Knowledge Graph

Ali Shariati

1933 – 1977 · Iranian
#islamic-thought#political-theory#anticolonialism#sociology

Iranian sociologist, political theorist, and religious intellectual — the single most influential shaper of the Islamic-leftist ideology that provided much of the mass-movement vocabulary of the 1979 Iranian Revolution, and the figure most responsible for the late-20th-century development of "Islamic liberation theology" as a distinct strand within Shi'a political thought. Educated in Mashhad and then at the Sorbonne (1960–64), Shariati studied with the Orientalist Louis Massignon, attended Sartre's lectures, worked with the Algerian FLN in Paris, translated Fanon's The Wretched of the Earth into Persian (Fanon wrote to him to thank him), and returned to Iran in 1964 with a synthesis of Shi'a religious tradition and Third-World socialist anticolonialism that he spent the next decade developing in lectures at Mashhad University and, most consequentially, at Tehran's Hosseinieh Ershad institute.
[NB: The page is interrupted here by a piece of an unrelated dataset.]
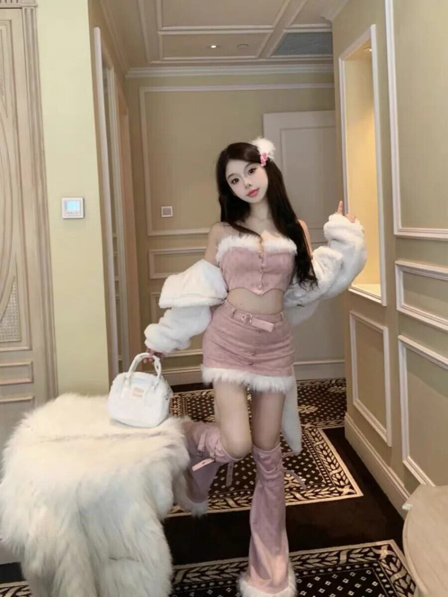 スイートホットガールスーツ レディース 秋冬 ウサギ耳ぬいぐるみカーディガン キャミソール ショートスカート レッグカバー 4点セット 大人ガーリー スウィート キュート カジュアル オータム 秋物 ウィンター 冬物

Shariati's central move was to read the foundational narratives of Shi'a Islam — especially the martyrdom of Husayn at Karbala in 680 CE — as political parables of perpetual revolt against tyranny. "Red Shi'ism" — the Shi'ism of Ali and Husayn — was the religion of the oppressed, revolutionary and egalitarian; "Black Shi'ism" — the Shi'ism of the Safavid clerical establishment and the quietist ulama — was the religion of the oppressors, a co-opted system that had turned the memory of revolt into ritual mourning and the expectation of justice into passive awaiting of the hidden Imam. Genuine religion was not an opiate but its opposite: the mobilizing force that would throw off both the Pahlavi monarchy and the Western imperial system it served. The position gave a generation of Iranian university students a religious vocabulary for revolutionary politics that Marxism, tainted by its Soviet associations and its hostility to religion, could not provide.

Shariati died in England in 1977 — officially of a heart attack, though his followers have long held the SAVAK responsible — two years before the Revolution he had done so much to make possible. The regime that emerged from the Revolution invoked him, then marginalized him; the present Islamic Republic's theocratic conservatism has little use for Shariati's radically egalitarian, anti-clerical Shi'ism, and his most serious contemporary readers are often found outside official Iranian religious institutions. His collected works run to thirty-six volumes in Persian; the English-translated selections remain fragmentary. His influence on the left wing of the wider Islamic world — in Lebanon's Amal movement, among Turkish Islamist intellectuals, and in certain strands of Palestinian and South Asian political Islam — is large.